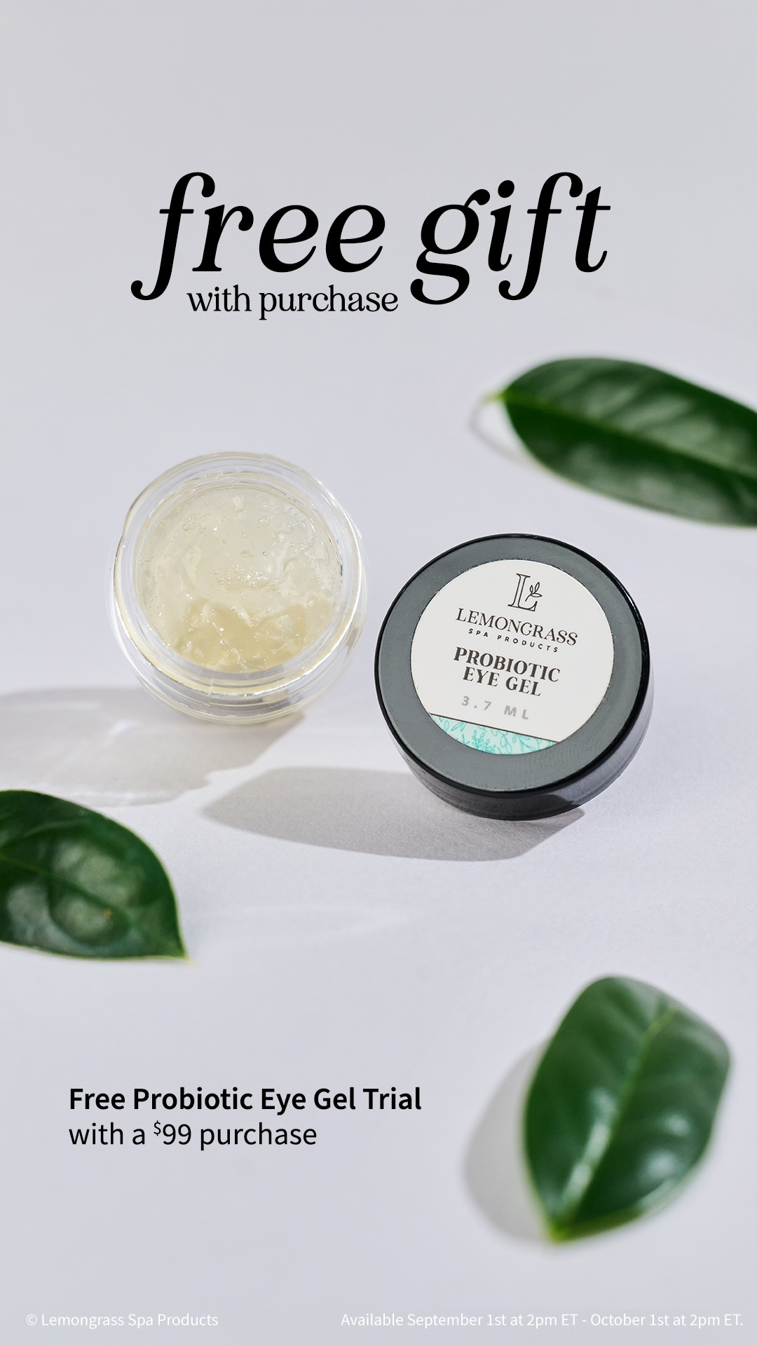 | Spend $99 and receive a FREE Probiotic Eye Gel trial! This refreshing formula helps soothe, depuff and brighten the look of skin around the eye area. No code needed! Free Probiotic Eye Gel trial automatically added to qualifying orders.
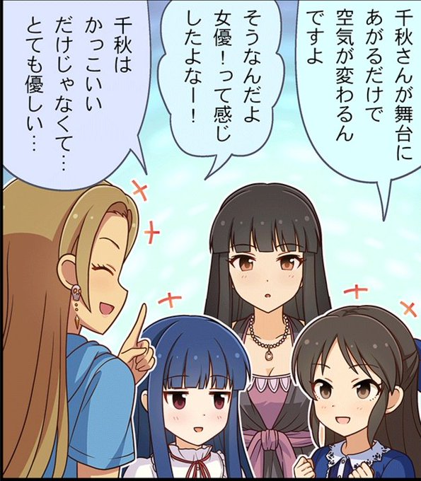 *추가로 데레스테 1컷에서 페로와 자고 있는 유키미에게 치아키가 익숙하게 담요를 덮어주는 것, 와이드 극장 114화에서는 '치아키는 멋지기만 한 게 아니라 엄청 상냥해', '항상 뭐든지 열심히 노력하는 거 대단해'라며 유키미가 치아키를 칭찬하는 것을 보며 둘의 평소 관계를 짐작해볼 수 있습니다.
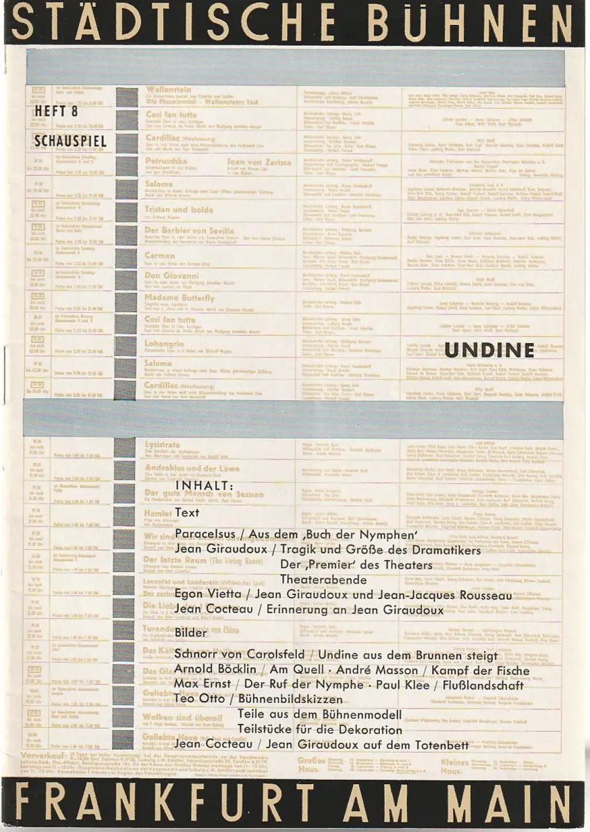 Städtische Bühnen Frankfurt am Main, Harry Buckwitz: Programmheft UNDINE Spielzeit 1957 / 58 Schauspiel Heft 8.
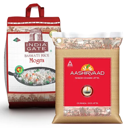 Aashirvaad Shudh Chakki Atta(5kg) & India Gate Basmati Rice Mogra(5kg) Combo
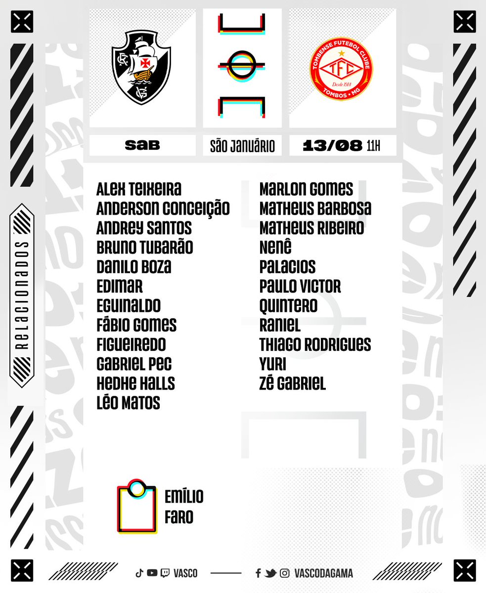 📋 Relacionados para a partida da manhã deste sábado (13), em São Januário 💢
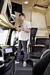 Giga-space er navnet på den største førerhytten. Lounge” er nå begrepet på fritidsdelen av hytta, og med flatt gulv, 2,13 meter takhøyde og 11,6 kubikkmeter volum er det plass til mye. Og erhm – Mercedes-sjefen Hubertus Troska mente altså det nå var plass til 28 kasser øl…
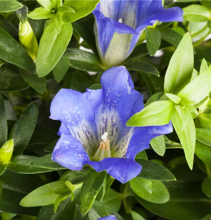 Der Raue Enzian (Gentiana scabra) ist eine mattenbildende Staude, die von Juli bis Oktober blaue oder weiße Blüten bildet. An einem sonnigen bis halbschattigen Standort mit kalkfreiem Boden erreicht er gewöhnlich eine Höhe von ca. 20 cm und wird ca. 30 cm breit. Der Raue Enzian ist gut frostverträglich.
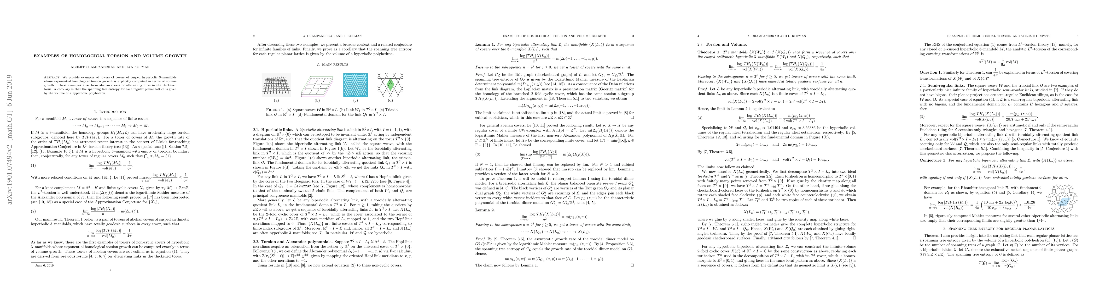 This paper examines towers of covers of cusped hyperbolic 3-manifolds, explicitly linking exponential homological torsion growth to volume growth through abelian covers of alternating links in the thickened torus. It concludes that the spanning tree entropy for regular planar lattices corresponds to the volume of a hyperbolic polyhedron.
____________
Using the material above, return every line exactly as it appears, minus the pictures.

§ EXPECTED ANSWER
 | Spend $99 and receive a FREE Probiotic Eye Gel trial! This refreshing formula helps soothe, depuff and brighten the look of skin around the eye area. No code needed! Free Probiotic Eye Gel trial automatically added to qualifying orders.
 *추가로 데레스테 1컷에서 페로와 자고 있는 유키미에게 치아키가 익숙하게 담요를 덮어주는 것, 와이드 극장 114화에서는 '치아키는 멋지기만 한 게 아니라 엄청 상냥해', '항상 뭐든지 열심히 노력하는 거 대단해'라며 유키미가 치아키를 칭찬하는 것을 보며 둘의 평소 관계를 짐작해볼 수 있습니다.
 Städtische Bühnen Frankfurt am Main, Harry Buckwitz: Programmheft UNDINE Spielzeit 1957 / 58 Schauspiel Heft 8.
 Aashirvaad Shudh Chakki Atta(5kg) & India Gate Basmati Rice Mogra(5kg) Combo
 📋 Relacionados para a partida da manhã deste sábado (13), em São Januário 💢
 Giga-space er navnet på den største førerhytten. Lounge” er nå begrepet på fritidsdelen av hytta, og med flatt gulv, 2,13 meter takhøyde og 11,6 kubikkmeter volum er det plass til mye. Og erhm – Mercedes-sjefen Hubertus Troska mente altså det nå var plass til 28 kasser øl…
 Der Raue Enzian (Gentiana scabra) ist eine mattenbildende Staude, die von Juli bis Oktober blaue oder weiße Blüten bildet. An einem sonnigen bis halbschattigen Standort mit kalkfreiem Boden erreicht er gewöhnlich eine Höhe von ca. 20 cm und wird ca. 30 cm breit. Der Raue Enzian ist gut frostverträglich.
 This paper examines towers of covers of cusped hyperbolic 3-manifolds, explicitly linking exponential homological torsion growth to volume growth through abelian covers of alternating links in the thickened torus. It concludes that the spanning tree entropy for regular planar lattices corresponds to the volume of a hyperbolic polyhedron.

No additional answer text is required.